そのようななか、明治19(1886)年、当時としては画期的な温室栽培が採用され、試行錯誤の末、マスカット・オブ・アレキサンドリアの温室栽培に日本で初めて成功。以来、温室栽培の技術を追求し、「1℃単位での温度管理にこだわる」と言われるまでに。先人からから受け継いだ技、絶え間ない努力、揺るぎない信念によって、ピオーネや瀬戸ジャイアンツ、シャインマスカットなど、時代のニーズに合った多彩な品種のブドウを栽培しています。

岡山県南部では温室栽培が多く、そのため4~8月の早期出荷が可能となり、また岡山県北部では寒暖の差を利用した露地(無加温)栽培により9~12月の出荷が可能となっています。
地域の特性を生かした栽培により、4~12月と長い期間ブドウが楽しめるのも岡山ブドウの魅力です。

写真:岡山の風景
写真:ブドウ
写真:木になるブドウ
写真:ピオーネピオーネ
写真:木になるピオーネ

大粒で甘い岡山のピオーネ。
生産量は全国1位!

ピオーネとはイタリア語で「開拓者」という意味を持ち、大粒で糖度が高く、種なしで皮離れのよい、言わずと知れた高級ブドウです。今では当たり前となっている種なしピオーネですが、その無核化技術を開発したのも、実は岡山。当時は種ありのピオーネと差別化するため「ニューピオーネ」と呼んでいましたが、種なしが主流となった現在では「ピオーネ」と表記されています。
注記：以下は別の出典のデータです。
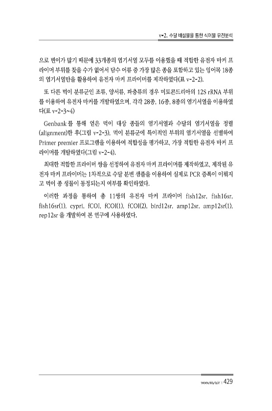 v-2. 수달 배설물을 통한 식이물 유전분석 www.nie.re.kr ?429 으로 변이가 많기 때문에 33개종의 염기서열 모두를 이용했을 때 적합한 유전자 마커 프 라이머 부위를 찾을 수가 없어서 담수 어류 중 가장 많은 종을 포함하고 있는 잉어목 18종 의 염기서열만을 활용하여 유전자 마커 프라이머를 제작하였다 표 v-2-2 또 다른 먹이 분류군인 조류, 양서류, 파충류의 경우 미토콘드리아의 12S rRNA 부위 를 이용하여 유전자 마커를 개발하였으며, 각각 28종, 16종, 8종의 염기서열을 이용하였 다 표 v-2-34 Genbank 를 통해 얻은 먹이 대상 종들의 염기서열과 수달의 염기서열을 정렬 alignment 한 후 그림 v-2-3 , 먹이 분류군에 특이적인 부위의 염기서열을 선별하여 Prime...
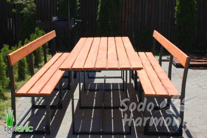 Šis stalas skirtas naudoti jūsų pavėsinėje, terasoje, sodyboje ar tiesiog kieme. Patikima metalinė konstrukcija, rėmas nudažytas minlteliniu būdu, ruda spalva, mediena nelakuota, todėl galėsite pasirinkti sau tinkančią spalvą ir jį priderinti prie esamos aplinkos.
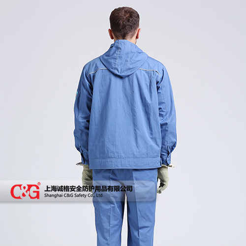 誠(chéng)格交流高壓靜電防護(hù)服套裝由交流高壓靜電防護(hù)服上衣、褲子,導(dǎo)電襪,全棉導(dǎo)電手套及導(dǎo)電鞋組成。交流高壓靜電防護(hù)服上衣、褲子采用導(dǎo)電材料與紡織纖維混紡交織成布后做成的服裝,防護(hù)服面料采用金屬纖維和紡織纖維以相應(yīng)的特殊工藝混紡而成。
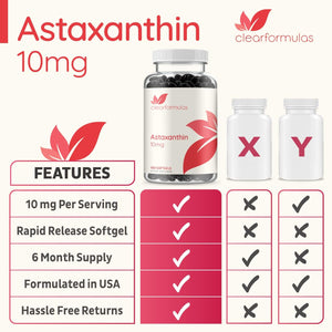 ClearFormulas Astaxantina 10 mg – Máxima Potencia Antioxidante para la Salud Ocular y Cutánea – 180 Cápsulas Blandas
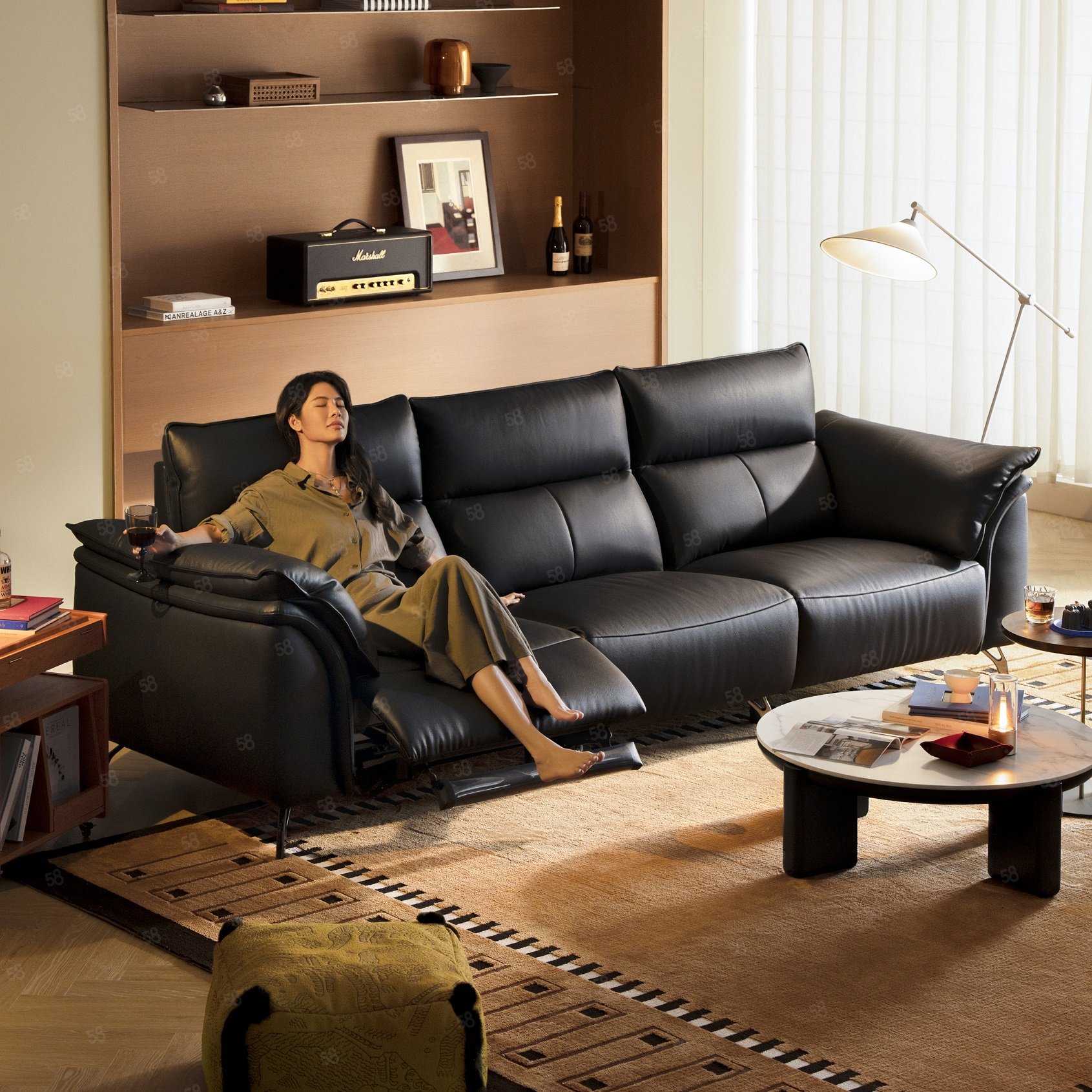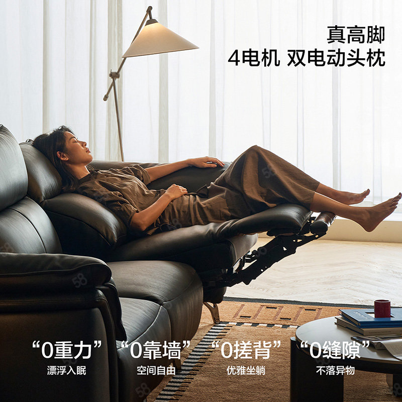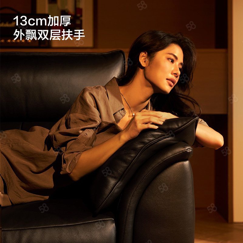 林氏家居真皮电动功能沙发客厅复古风头层牛皮高级感G808
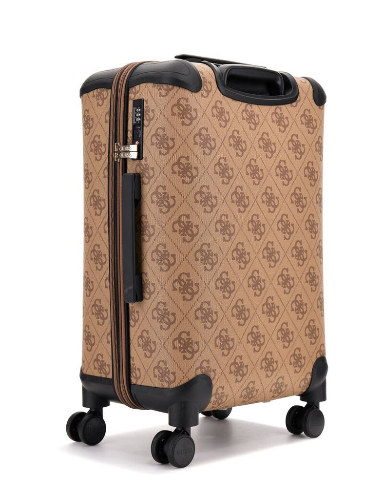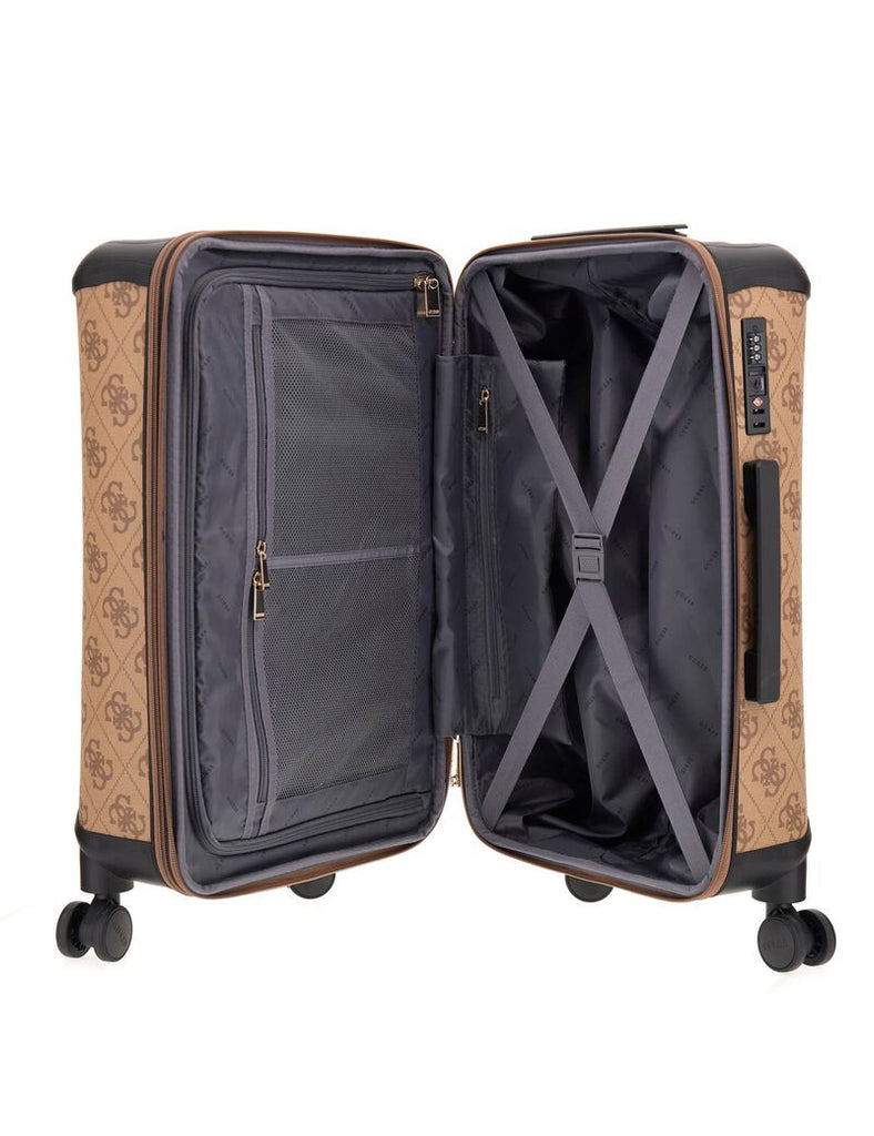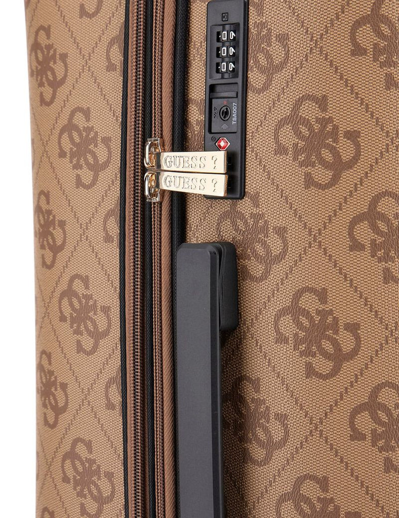 Il trolley grande Guess TWOB8688982 si distingue per la sua struttura rigida che garantisce resistenza e protezione ottimale. Nei delicati colori rosa e beige/marrone, combina funzionalità e stile sofisticato, ideale per viaggi lunghi con eleganza e sicurezza.

ピオーネが岡山で最初に栽培されたのは、昭和42(1967)年頃。当時、岡山ではキャンベルやベリーA全盛の時代でしたが、ピオーネの可能性に魅せられた多くの農家がピオーネに転換。栽培面積を増やしていき、現在では全国1位の生産量を誇るまでになりました。
「岡山のピオーネは、色づきもよく、甘くておいしい」。
その言葉を励み、県内各地の生産者が努力を重ね、黒く甘いピオーネを育んでいます。

写真:シャインマスカットシャインマスカット
写真:瀬戸ジャイアンツ瀬戸ジャイアンツ

黒に、緑に、赤に。宝石のように美しい
岡山ブドウを食べ比べ。

ピオーネのほかにも、岡山で栽培されるブドウの種類は多種多様。たとえば、果実の女王と称される「マスカット・オブ・アレキサンドリア」。全国の9割の生産量を誇り、瑞々しい香りと芳醇な甘さが魅力です。同じ緑系ブドウで最近注目を浴びているのが、種なしで皮ごと食べられる「シャインマスカット」です。大粒で糖度が高く、口に入れると甘いマスカット香がふわりと広がります。また、岡山生まれの「瀬戸ジャイアンツ」も種なしで皮ごと楽しめる緑系ブドウのひとつ。表面に見える桃のような割れ目が特徴で、パリッと弾ける食感と酸味と甘みが絶妙です。

写真:オーロラブラックオーロラブラック
写真:紫苑紫苑

黒系ブドウの注目株といえば、「オーロラブラック」といえるでしょう。平成15(2003)年に岡山県で誕生した品種で、強い甘みを放ち、大粒の果実で種はなく、子供からお年寄りまで幅広い層に楽しんでいただけるブドウです。また、気品あふれる赤系ブドウ「紫苑(しえん)」は秋から冬にかけてのブドウとして人気が高く、やわらかい肉質、たっぷりの果汁、酸味と甘みのバランスがとれた品種です。

ブドウの産地岡山だから栽培される種類豊富なブドウ。ちょっとずつ、いろいろ、食べ比べてみてはいかがでしょうか。